COTIDIANO TRAUMÁTICO — Everything, Everywhere, All at Once (2022)
— SILVIA JOAS ERDOS —
Uma foto refletida num espelho circular sugere uma harmonia familiar nos levando a pensar num enquadramento repetitivo e sem saída. Quem de nós não tem uma foto de família?
Começa o grande incomodo visual e estético. Tudo o que vem a seguir é o caos. A tentativa de organizar uma escrita sobre este cenário é empobrecedora do ponto de vista estético, corremos o risco de uma tradução teórica, assim, convido a uma viagem lisérgica, assombrosa tal qual um encontro numa sessão de análise, uma associação livre, deixar vir à tona, soltar tudo o que vier a cabeça. Trata-se do exercício da liberdade, sem título, sem forma. Uma contracultura, tal qual os primórdios da psicanálise no século XIX.
Um casal tentando se comunicar, contar sobre as suas preocupações, os dois não falam a mesma língua, não existe uma linguagem comum. Acordes dissonantes nos invadem, e nos provocam a expectativa de uma história reconfortante, porém o mal-estar persiste.

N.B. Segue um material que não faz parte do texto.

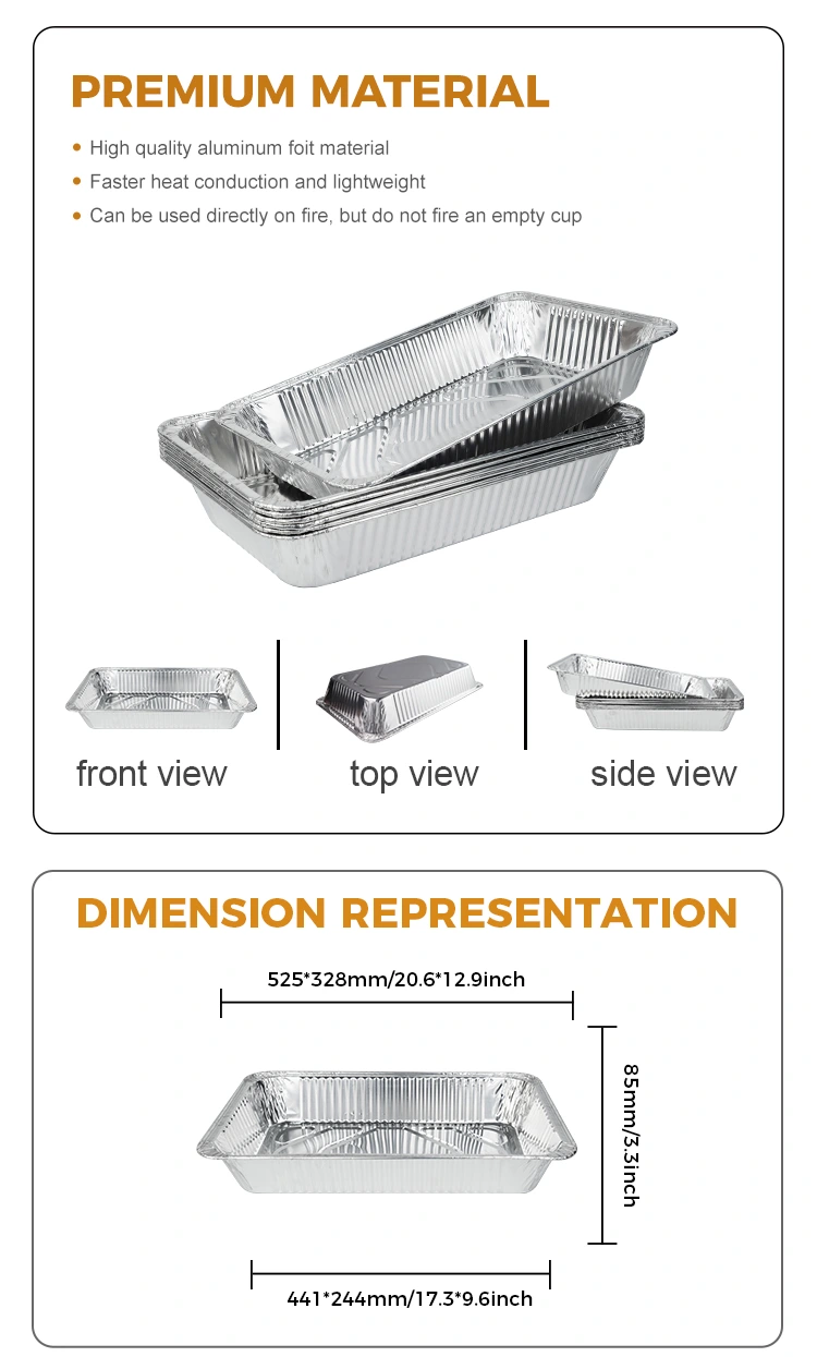 ఫీచర్స్: ఈ పెద్ద సామర్థ్యం గల బహిరంగ బేకింగ్ పాన్ సిల్వర్ రేకు కంటైనర్ ఫుడ్-గ్రేడ్ 8011-0 అల్యూమినియం రేకు పదార్థంతో తయారు చేయబడింది, ఇది ఫుడ్-గ్రేడ్ కాంటాక్ట్ ప్రమాణాన్ని పూర్తిగా కలుస్తుంది, విచిత్రమైన వాసన లేకుండా ఆహార భద్రతను నిర్ధారిస్తుంది మరియు ఉపయోగించడానికి మరింత హామీ ఇస్తుంది. ఇది పుటాకార మరియు కుంభాకార లోపలి రూపకల్పనను కలిగి ఉంది, ఇది ఉపయోగించడానికి మరింత సురక్షితం. పరికరాలు శుభ్రపరచకుండా ఉంటాయి మరియు పరికరాల లైనర్‌ను బాగా రక్షిస్తాయి. బహిరంగ మంట మీద బేకింగ్ లేదా వేడి చేసినా, కంటైనర్ వైకల్యం లేదా ఆహార భద్రతను ప్రభావితం చేయడం గురించి ఆందోళన చెందాల్సిన అవసరం లేదు.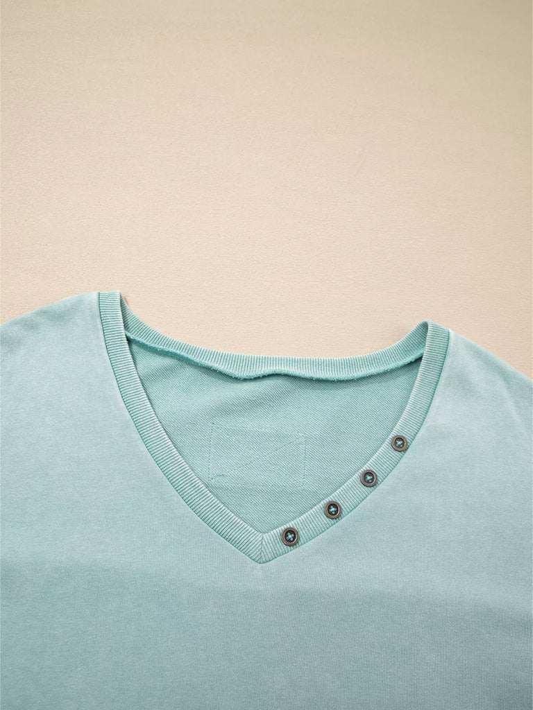 Mineral Wash Exposed Seam Buttoned V Neck Top

Há uma evidente desconexão no casal. Ela, preocupada com a sobrevivência dos negócios, com o pai, com a filha; e ele, embora tenha a intenção de se divorciar, atua como se nada estivesse acontecendo.
Ela no meio do caos, por segundos olhando uma TV, se depara com um casal cantando e dançando harmoniosamente.
“Coloca a sua mão na minha. A vida pode ser deliciosa.”
Este é o grande sonho: o desejo, a sexualidade.
Um mundo imaginário de uma riqueza estética única. Uma viagem aos desejos, aos desafios representados em sua singularidade e subjetividade. O eu e o outro. Um encontro analítico, sugere este espanto, uma disposição ao traumático. O desafio é o acesso à loucura, e ao mesmo tempo, uma saída da loucura. Tentando organizar para “não enlouquecer”, o filme em nada difere da nossa realidade traumática.
Em confronto com o cotidiano traumático, recorremos à nossa bagagem interior, procurando algo familiar em nós. Nos deparamos com uma intensidade de desejos, de sonhos, fantasias, com a sexualidade, expectativas. Nos defrontamos com nossas possibilidades e recursos, ansiando uma hipotética organização e equilíbrio.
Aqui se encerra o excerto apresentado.